We have expressed our opinion that entirely apart from plaintiff’s candidacy for public office the challenged publication does not constitute a libel. Viewed in the context of plaintiff’s political aspirations, plaintiff’s arguments become even more untenable. Plaintiff has cited us no case and we have found none in which an opinion with respect to a characterization of a personality trait of a public official has been found libelous or slanderous. As we have noted earlier, opinions not alleging derogatory factual material remain the opinion of the writer and nothing
more. (2) As is said in Yorty v. Chandler, supra, at page 472: “. . . [I]t is settled law that mere expression of opinion or severe criticism is not libelous, even though it adversely reflects on the fitness of an individual for public office.” In this case it would be, of course, impossible to prove or disprove the basic tenet of the alleged libelous material, that plaintiff was disagreeable or unlovable. Empirical proof would be simply impossible and an opinion poll of no value. Like beauty, the measure of a personality trait is “in the eye of the beholder.”
(3) As was said in Eva v. Smith, 89 Cal.App. 324, 328 [264 P. 803]: “Having offered profert of himself for public investigation a candidate must expect some criticism of his personal fitness. No one, of course, has the right to wrongfully impute dishonesty to him, but temperament and qualifications are mere matters of opinion of which the electors are the only judges.” We would note that in the case of Eva v. Smith, supra, there were innuendoes of wrongdoing, of which there are none here.
(1b) In view of the primacy of our holding that no libel has been shown in this case we may summarily dispose of the remaining issues raised by plaintiff.

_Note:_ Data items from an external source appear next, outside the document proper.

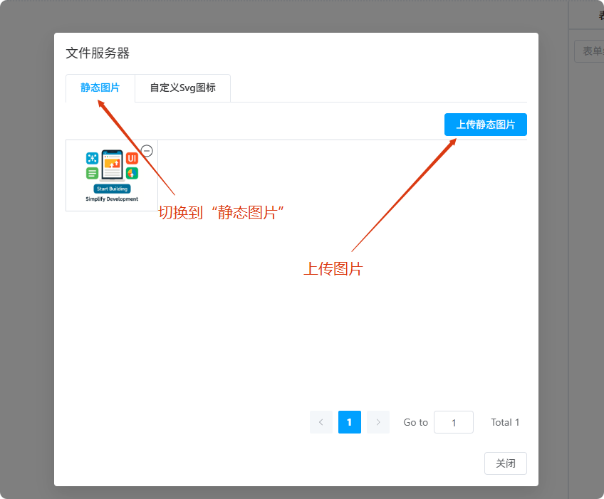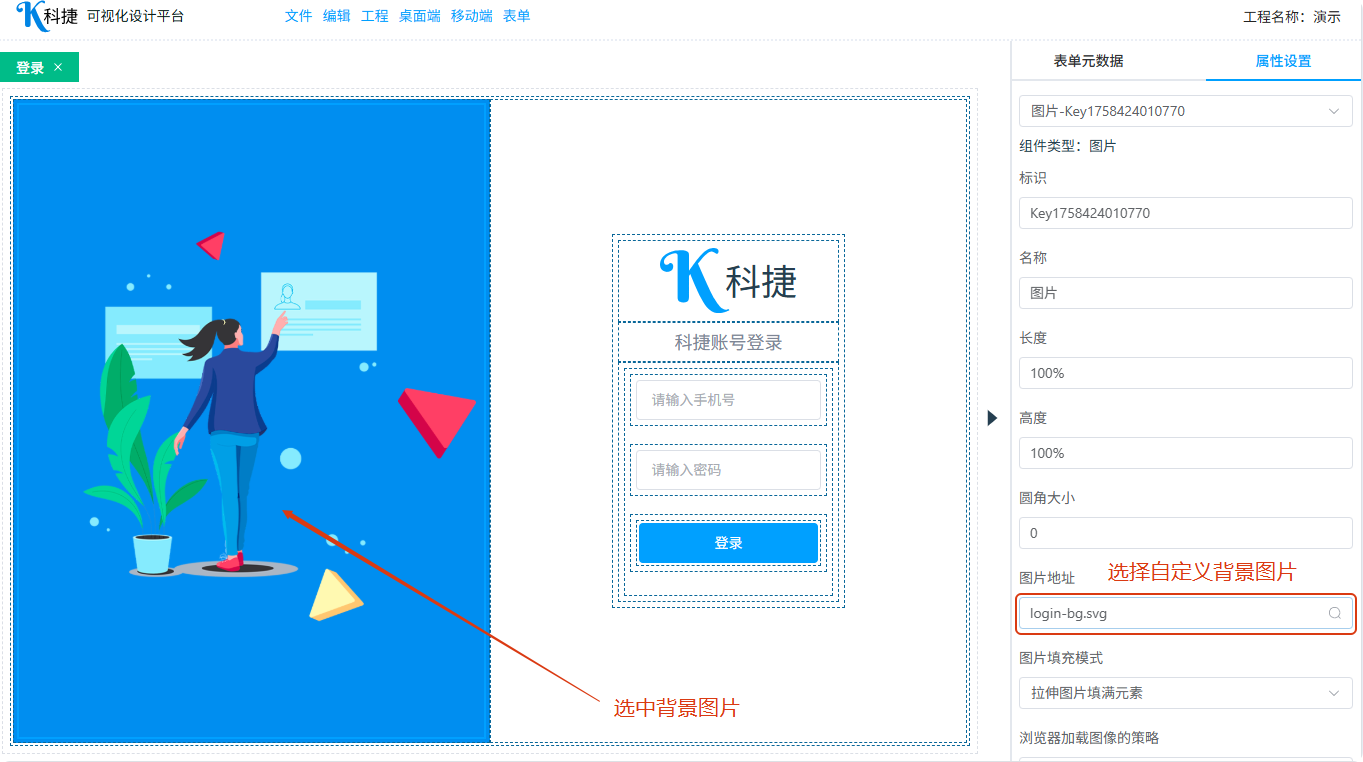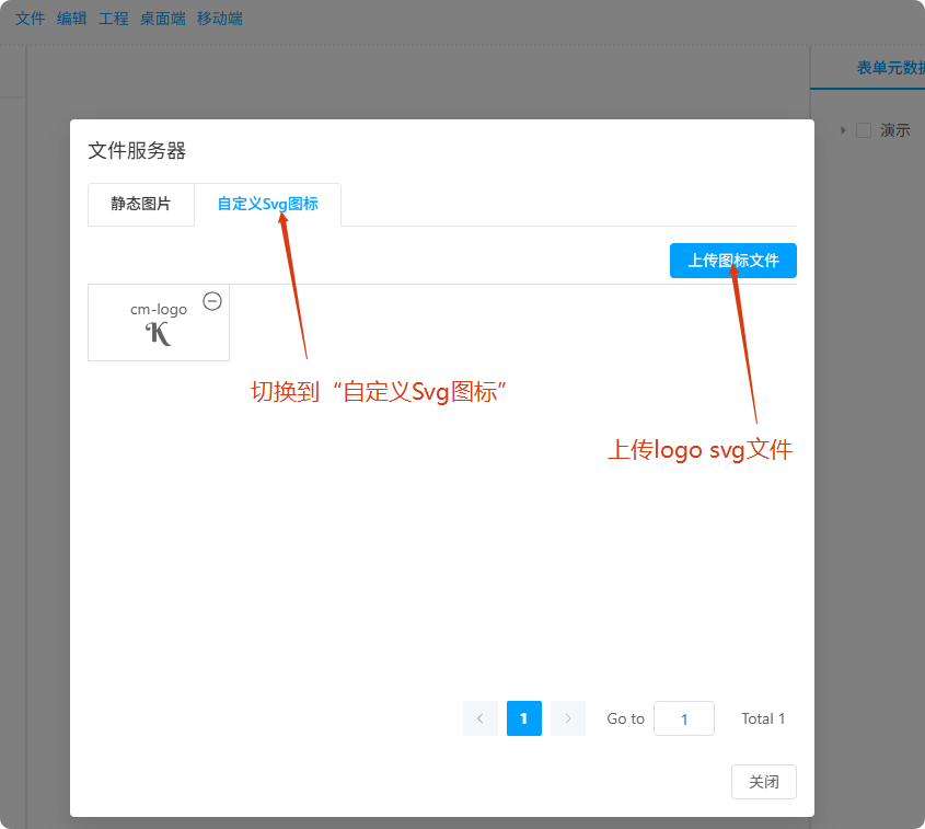 平台工具栏 -> 工程 -> 文件服务器 打开配置界面,上传自定义背景图片和 logo svg 文件
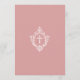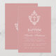 Denna eleganta dammiga rosa och vita dopinbjudan med vintage-känsla, rekommenderas för en flicka, har en gammal blomsterprydd vapensköld med ett kors i, båda vita. Barnets namn är skrivet med ett elegant kalligrafiskt typsnitt. All text är vit och kan anpassas. Bakgrunden är dammig rosa, en modern nyans av rosa.
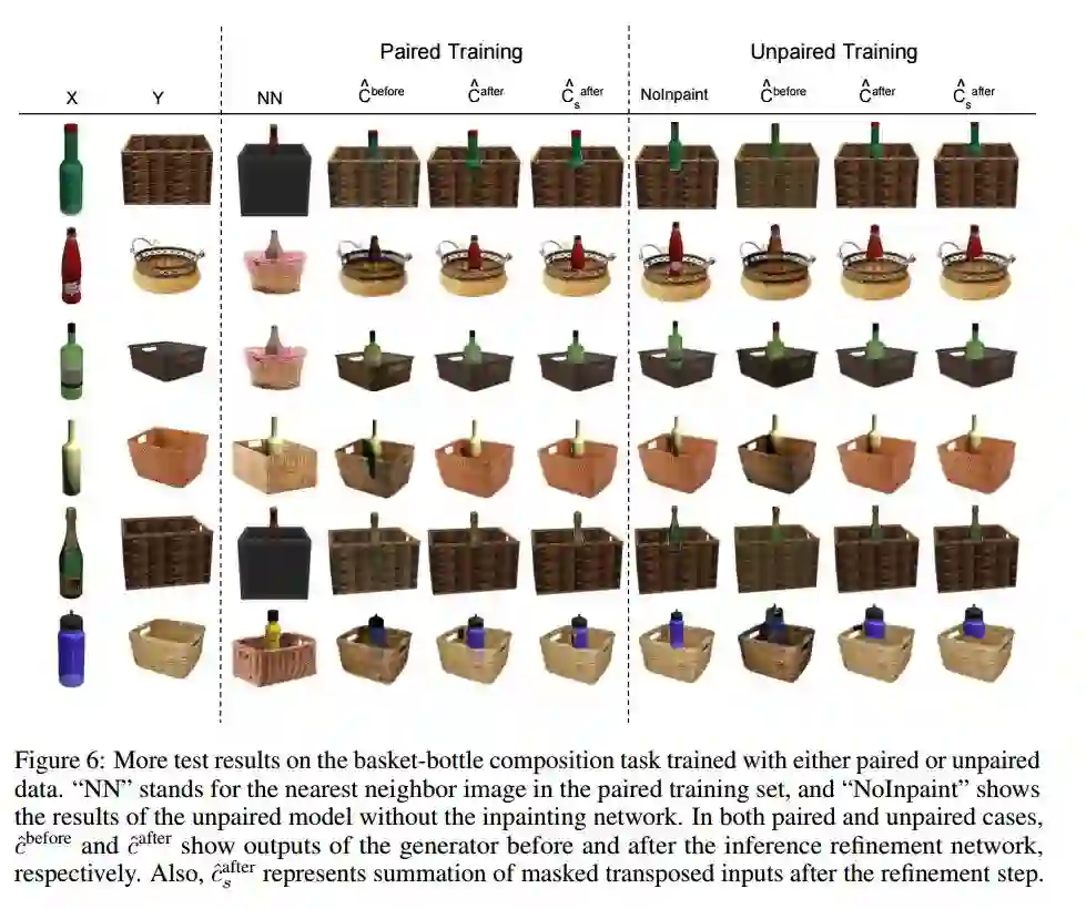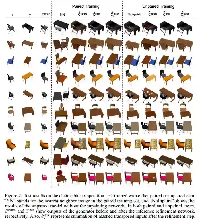 生成对抗性网络(GANs)可以产生复杂而真实的图像,但通常是从单个潜在源中抽取样本,而忽略了可能存在于一个场景中的多个实体之间的显式空间交互。捕捉世界上不同对象之间的这种复杂交互,包括它们的相对缩放、空间布局、遮挡或视点转换是一个具有挑战性的问题。在本工作中,作者提出将GAN框架中的对象组合建模为一个self-consistent 的组合分解网络。模型以目标图像为条件,通过它们的边缘分布,通过显式学习可能的相互作用,从它们的联合分布中生成真实的图像。在训练过程中,通过定性实验和用户评价,给出了单个目标图像和联合场景的配对或未配对实例,结果表明,该模型以合理的方式捕捉了两个输入对象域之间的潜在交互,以合理的方式输出合成场景的新实例。
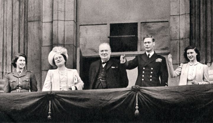 ヨーロッパ戦勝記念日と第二次世界大戦の終結を祝うべく、当時の首相ウィンストン・チャーチルと家族とともに、バッキンガム宮殿のバルコニーにおでまし。
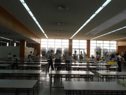 (写真は、昼食ホールでの2年生の給食準備の様子です。)
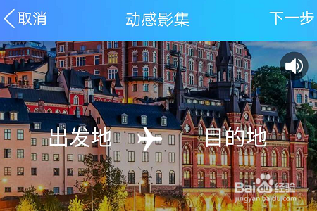 选择好模板然后就是去手机图库中勾选照片了,下图就是旅游模板的首界面,系统会按照上传图片的先后挨次以动感的视频形式揭示,建造完当作今后点击“下一步”还可以将影集发布到空间;
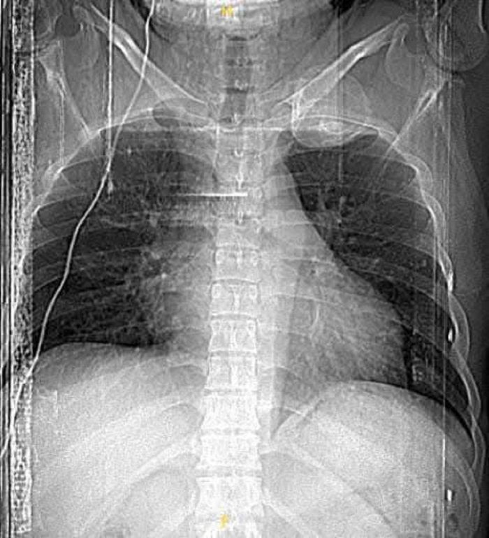 Hình ảnh u cung sau xương sườn số 1 trên phim chụp của bệnh nhân.
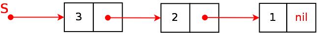 На этапе б) обращение к процедуре извлечения из стека дает число 2, на этапе в) – число 3. Опишем стек, в который можно помещать цепочку динамических переменных: Type stackp = ^stackcomp; stackcomp = record I: integer; P: stackp end; Var S: stackp; Если помещать в этот стек последовательность 1, 2, 3, то получится следующий вид:

Plaintiff asserts that the retraction published by defendant Morelli was inadequate. Since no libel occurred, no retraction need have been published and at most it is a superfluity.
Plaintiff complains of the failure of the trial court to permit him to amend. We can conceive of no possible amendment that would avail plaintiff. The primary failure to show a libelous publication obviates any discussion of any technical amendments to cure pleading defects.
Plaintiff charges the trial court with error in failing to require findings of fact and conclusions of law as demanded by plaintiff. Findings of fact and conclusions of law can only be demanded after a trial. (Code Civ. Proc., § 632) No trial took place here, plaintiff having failed to state a cause of action.
The judgment of dismissal is affirmed.
Brown (G.A.), P.J., and Franson, J., concurred.